Accounting Identities and the Fallacy of Equilibrium States

I avoid economic analysis because the subject is too complicated and far away from a true science although when I was in graduate school I found it fascinating. More fascinating to me was the fact that most economists tried to describe highly complex, stochastic dynamic systems with aggregate equilibrium conditions. There are several blogs nowadays that attempt to provide complete descriptions of the economy via the limited use and scope of equilibrium conditions while failing to understand that what is important in economics is not the equilibrium itself but at what level it is achieved. Here is an example:

In this post, Jerry Khachoyan, a young and very bright undergraduate student at UCLA, provides a video that explains the three sector balances and how they must add to zero. But the issue here is not that they must add to zero but at what level of interest and exchange rates they add to zero. The fact that they add to zero cannot provide an indication of the state of the economy. There are many other factors that affect the level at which the equilibrium is achieved and this is more important than the three sector balances.


The point is not for the government to stop spending but for it to stop spending a lot and for a long time. Because what you do not see in the aggregate picture is the stress on the economy from excessive government spending. Let me offer an example of another type of aggregate analysis: There is a box in equilibrium on a flat surface and there are two forces acting on it on the opposite sides so that they cancel. This is fine and we know when forces cancel out there is no motion. This is simple statics like in the video. But there is the dynamic aspect to this story: no material is unbreakable like no economy is unbreakable. If you increase the magnitude of the forces on the box you will create levels of stress that cannot be maintained and it will eventually break and its pieces will move all over the place. The same will happen to an economy if the government keeps on spending to maintain a large public sector and a high level of private sector savings. For example, at some point interest rates will have to rise because of a loss of rating (debt downgrade).  This will happen when investors think the stress on the economy is just too high, like when the forces on the box increase at levels beyond structural tolerance. When this happens, the equilibrium condition displayed on the video vanishes and the economy goes into an inflationary and chaotic mode where the static condition holds at each and every moment in time but the level of interest rate is so high that future economic activity is in a virtual stop and business and consumers begin to spend their savings to buy time and survive. While this is happening, the three sector balances always add to zero at every moment but on a different level.  This will be true for America but also for Zimbabwe.  Equilibrium conditions alone never tell you anything about the possibility of chaotic modes getting excited in the face of small perturbations from this static condition. This is why a period of running surpluses for the government decreases the probability of the chaotic modes getting excited. This must take place when there are signals that the situation is getting unstable, like the recent debt downgrade.

From the perspective of mathematics, the equation in the video in Jerry’s post is a linearized equilibrium solution of a tremendously complex non-linear dynamical set of equations with many hidden chaotic modes that affect and get affected by many other modes.  And like in the example of the box on which there are two forces acting on it on its opposite sides, the forces will always cancel even just before total destruction is about to happen.
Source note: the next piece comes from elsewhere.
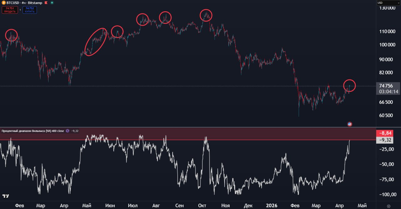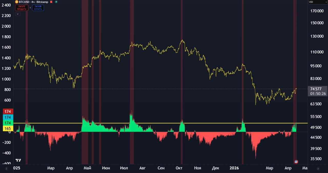 По True Trend BTC на Н4 тф наблюдаем сигнал на снижение. Лишь в редких случаях локального дампа не было.

Thus, I suggest to all those monetary realists to start considering the dynamic aspects of things. The equations may not be as simple as the three sector balances adding to zero but are certainly more exciting and I will offer a hint here: surprisingly enough, the backwards Euler method can often uncover many hidden modes not seen when considering the steady-state equilibrium condition. They will be amazed with the level of reality about economic conditions they will discover when they abandon the static view and move into the realms of dynamics, which is what reality is.